With this last statement she pauses and I am forced to focus again on my hands. Blood is oozing out of my palms and wrists. But this blood isn't mine. I hear Robbie and Lisa laughing and splashing, and I get up to walk over to them.
"Hello John," Robbie says good-naturedly.
"Hi Daddy," chirps Lisa. She is standing waist deep in the water. The water is murky, and I am anxious about her being in there without my being able to see to the bottom, but then I remember that her mother is in the water, swimming around her and keeping watch. I see a tailfin flip at the surface as if to acknowledge this last thought.
"Come in swimming, Daddy…it's fun!" Lisa twirls around in the water as if to prove a point.

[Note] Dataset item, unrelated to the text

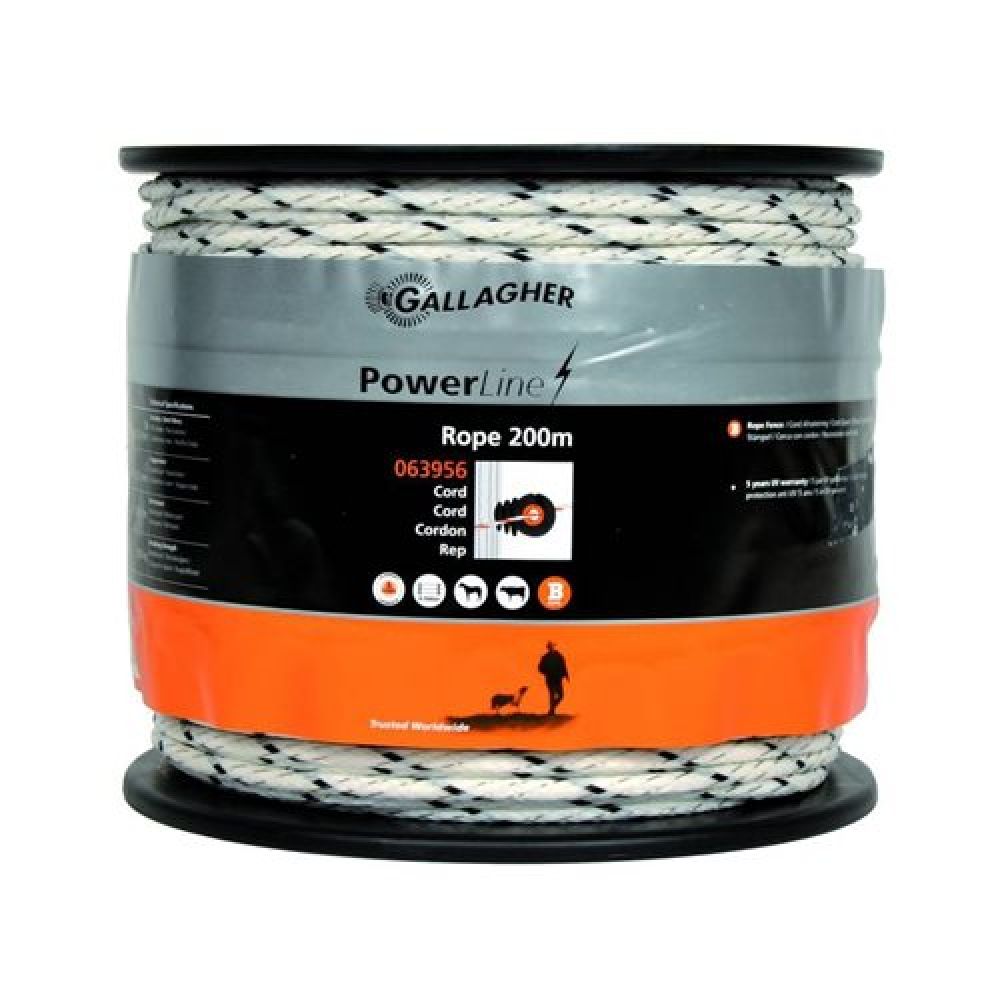 Gallagher PowerLine Cord Wit 200mGevlochten kunststofkoord voor (semi-)permanente paarden- en vee-afrasteringen. Een uitstekende geleider dankzij 6 roestvrijstalen draden en 1 mixed-metal draad.Specificaties:

"Oh Lisa, don't be silly. John doesn't know what fun is," Robbie tips his head knowingly up towards me. "Well, unless you consider the rapid succession of gun katas executed at maximum efficiency resulting in the highest number of point-blank-range kills fun… right John?"
I cannot meet his eyes. Blood is dripping down off of my hands and hitting the ground.
Lisa looks at me and yells, panic-stricken,
"Daddy, don't let that get into the water, it will poison Mommy!!"
I am horrified by the prospect of further harming my wife.
"Even now I am a danger to her," I whisper to no one and everyone. They all nod gravely at me. Especially Errol, who has taken my spot on the bench helping Mary wind up the ribbon.
"You are a dangerous man John. A man to be reckoned with…a man who brought a reckoning," Errol says calmly as I walk toward him. "It was always going to be you who brought down Father…you or no one. If I had tried I wouldn't have stood a chance."
I look at him incredulously. "I think that you underestimate yourself, my friend. You would have done just fine." I smile at him amicably.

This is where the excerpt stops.